This is not two halves becoming one whole, but two wholes becoming one in a mysterious union. God, the mysterious entity, guarantees success (though not everyday happiness) of the relationship. Nothing and no one can split the couple apart unless one or both of the spouses allow it.

Marriage is an alliance between two people who commit to building a lifetime partnership for the benefit of each, as well as the benefit of the union. It is about helping each other achieve the best.

Two individuals who are clear about God putting them together have to remain together unless they become as clear that He (not anyone or anything else) wants them to separate. Without that clarity, they owe it to themselves to seek help for their problems from a source approved by both individuals.

(2) Commitment

Love never gives up, never loses faith, is always hopeful, and endures through every circumstance (1 Corinthians 13: 4).

This verse does not suggest that spouses will always be in a loving mood. It declares that no matter the mood, love endures. Disappointment, strife or any other negative situation may visit but love is always the host.

Inevitably, performances in one area or another will fall short of expectations. Love makes the offended see beyond the offense to the potential of stepping over the obstacle. It is so committed to the success of the marriage that it is willing to communicate, understand and forgive.

Nothing has greater spiritual, emotional and intimate benefits than enduring love.


(3) Disposition

What matters is not your outer appearance—the styling of your hair, the jewelry you wear, the cut of your clothes—but your inner disposition. (1 Peter 3: 3, 4 [MSG])
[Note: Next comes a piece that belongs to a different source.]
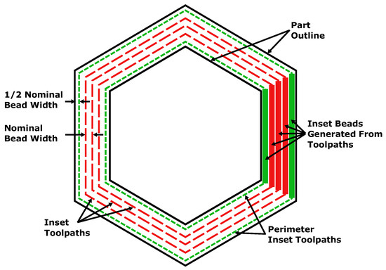 Inset beads are the primary building blocks of most WAAM parts. These beads are always printed in closed loops to maximize part strength and are constructed as shown in Figure 4. The perimeter toolpath(s) can also be referred to as perimeter inset(s) as the remaining insets are constructed as offsets from these initial beads. These perimeter inset(s) form the visible exterior surface of the completed part. The perimeter inset(s) are generated by offsetting the part outline by 1/2 the nominal bead width. From here, the remaining inset beads are generated by marching inwards from the perimeter beads with interior insets being offset from an adjacent inset by the nominal bead width.
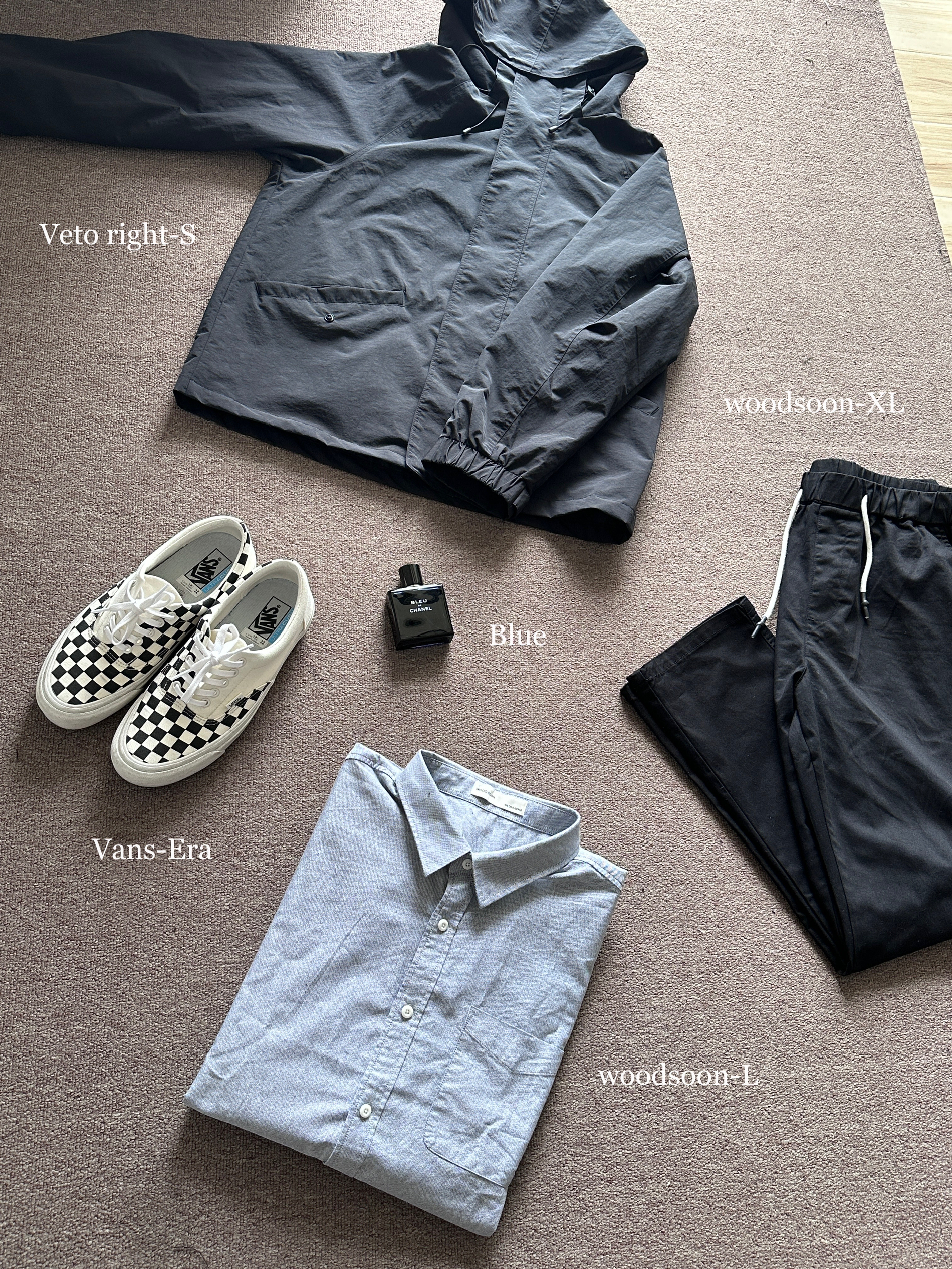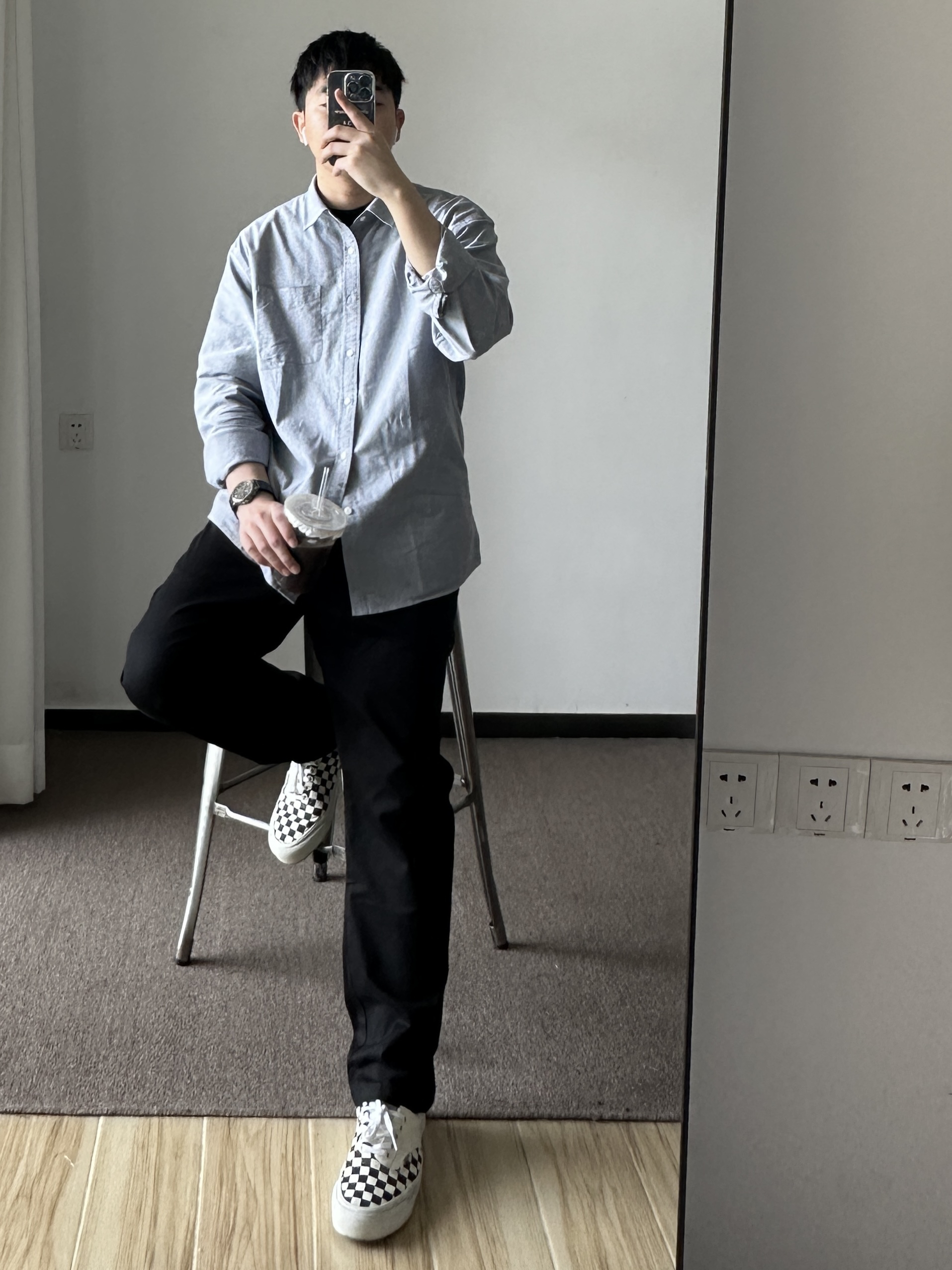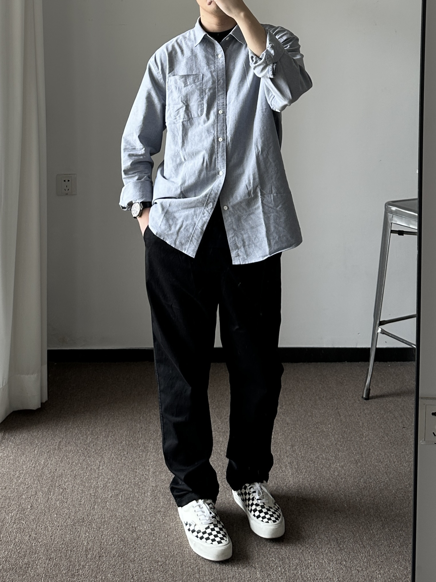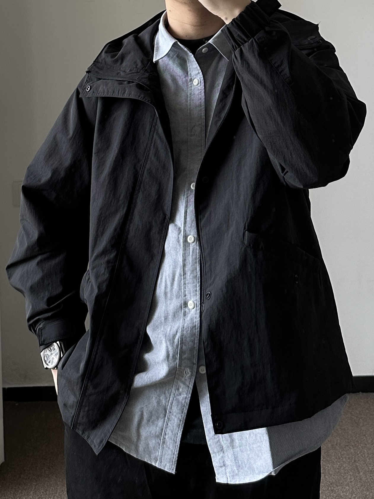 素人也能好看系列~174cm / 65kg 🧥- 天气阴阳不定的早春,薄款风衣是不错选择,黑色基础色、半拉链设计,通勤版型,侧面微A廓形。牛津纺选偏蓝灰色,能内搭也能外穿。 👖- 黑色基础裤,裤脚微锥。 👟- 棋盘格 ⌚- 表盘精致,灰钢色低调沉稳。皮质表带商务通勤yyds!

This verse primarily addressed to the wife, also has significance for the husband concerning his expectations of his wife. It cautions her to put as much emphasis on being good as on looking good. Elliott’s Commentary for English Readers translates the verse as follows:

Do not rely, for winning your husbands, upon ornamentation (which is but external), but upon character.

Barnes Notes elaborates on the same verse, stating that the husband prefers ornaments of the heart above gold and jewels.

The one can never be a substitute for the other . . . whatever outward decorations she may have, unless she have [sic] a gentleness of spirit, a calmness of temper, a benevolence and purity of soul, and a cultivation of mind that her husband can love, she cannot calculate on his permanent affection.

It helps if husbands admire the gracious qualities of their wives(and compliment) them as much as for their physical appearance.


(4) Fidelity

Give honor to marriage, and remain faithful to one another in marriage. (Hebrews 13:4)

Christian couples have the privilege of sex within marriage. They also have the responsibility to respect their marriage and each other by sharing their bodies exclusively with each other. However, there was another situation that warranted this verse.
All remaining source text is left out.